The safety and scientific validity of this study is the responsibility of the study sponsor and investigators. Listing a study does not mean it has been evaluated by the U.S. Federal Government. Read our disclaimer for details. Identifier: NCT00718354
Recruitment Status : Completed
First Posted : July 18, 2008
Last Update Posted : May 13, 2015
Information provided by (Responsible Party):
Thrombosis Research Institute

Brief Summary:
Due to evidence available both in terms of efficacy and safety of low molecular weight heparin, its use for the prevention of thromboembolic disease in cancer patients undergoing surgical intervention, and its extended use in higher doses for the prevention of recurrent thromboembolism in cancer patients with established thrombosis, with a view that the potential benefits for survival in cancer patients from low molecular weight heparin therapy comes because of a biological activity, the dose of 1mg/Kg (50% of the full treatment dose) for a period of 6 months coincident with 6 cycles of chemotherapy, has been chosen for this study.

Condition or disease Intervention/treatment Phase
Gastric Cancer Gastroesophageal Cancer Drug: Enoxaparin Drug: Standard Chemotherapy Phase 3

Detailed Description:

In the GASTRANOX study, patients will have inoperable (locally advanced) or metastatic newly diagnosed gastric or gastro oesophageal cancer. These patients carry a definite thrombosis risk. Patients will be scheduled to have at least 6 months of palliative chemotherapy. During this period symptomatic thromboembolism will be common but currently no routine prophylaxis is provided.

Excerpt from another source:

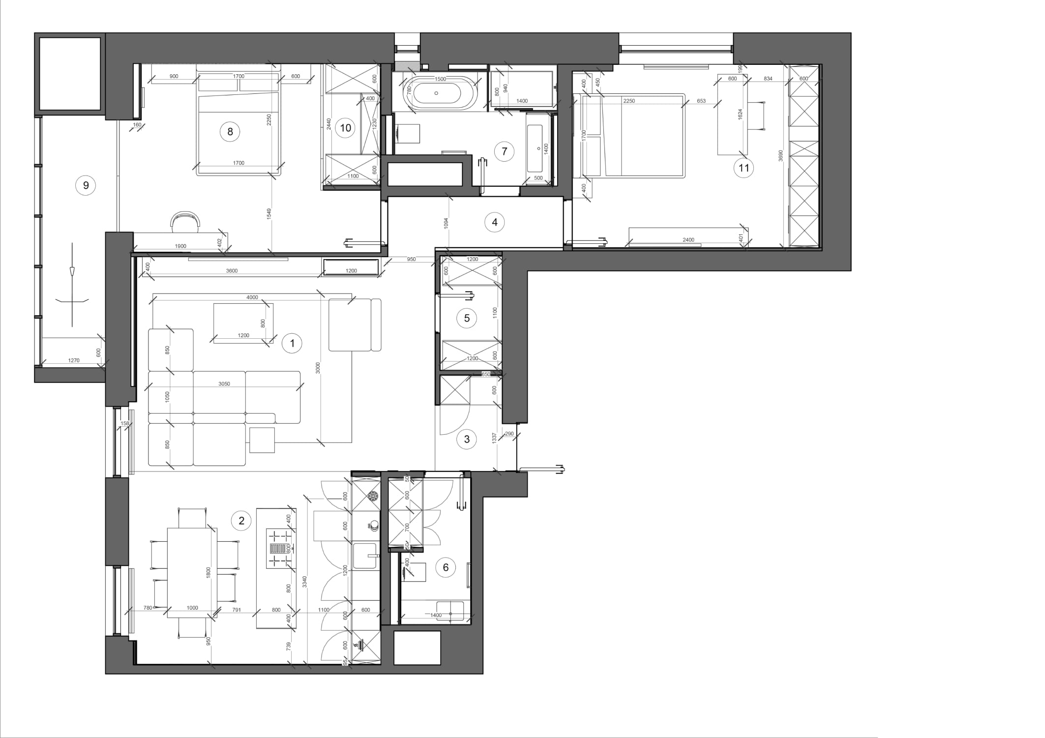 Общая площадь: 110 M²

The dose of Enoxaparin to be evaluated in this study is 1mg/kg. This represents half of the full treatment dose. For an average weight individual this will represent between 60 and 70 mg a day of Enoxaparin. The prophylactic dose for high-risk surgical patients in the United States is 60mg total daily dosing of Enoxaparin per day. This high-risk dose has been shown to be safe and effective in preventing thromboembolic disease in high-risk populations such as those undergoing major elective orthopaedic surgery. An alternative for high-risk dose is 40mg given once a day. This dose is also effective and safe. Thus the dose to be provided in the GASTRANOX study is not markedly different from the high-risk doses already in routine clinical practice either in North America (30mg twice a day - 60mg total daily dosing) or 40mg once a day in Europe. It is also half of the full treatment dose which has been shown to be effective and safe in the treatment of venous thromboembolism.

Since cancer patients are recognised to have bleeding risk it was felt inappropriate to provide the full treatment dose of Enoxaparin. Thus half the full treatment doses provided. On the other hand the biological effect of low molecular weight heparins in cancer suggests that higher doses be given to enhance the potential survival benefit.

The study is intended to evaluate the safety and efficacy of the study drug compared to best normal practice. The standard methodology for such a comparison is to conduct a randomized, comparative study.

Multi-centre: It is anticipated that a single centre will be unable to recruit sufficient subjects, in 1 year, to conduct the assessment and therefore multiple centres will be recruited to conduct the study.

Open Label: All patients will receive standard care at their site. It would not be feasible to expect placebo parenteral administration for six months. All VTE events will be adjudicated. Mortality is an objective end-point.

Standard treatment control: subjects will be treated according to best practice with half also receiving the study treatment.

Parallel-group: due to the nature of the condition this is the only practical design.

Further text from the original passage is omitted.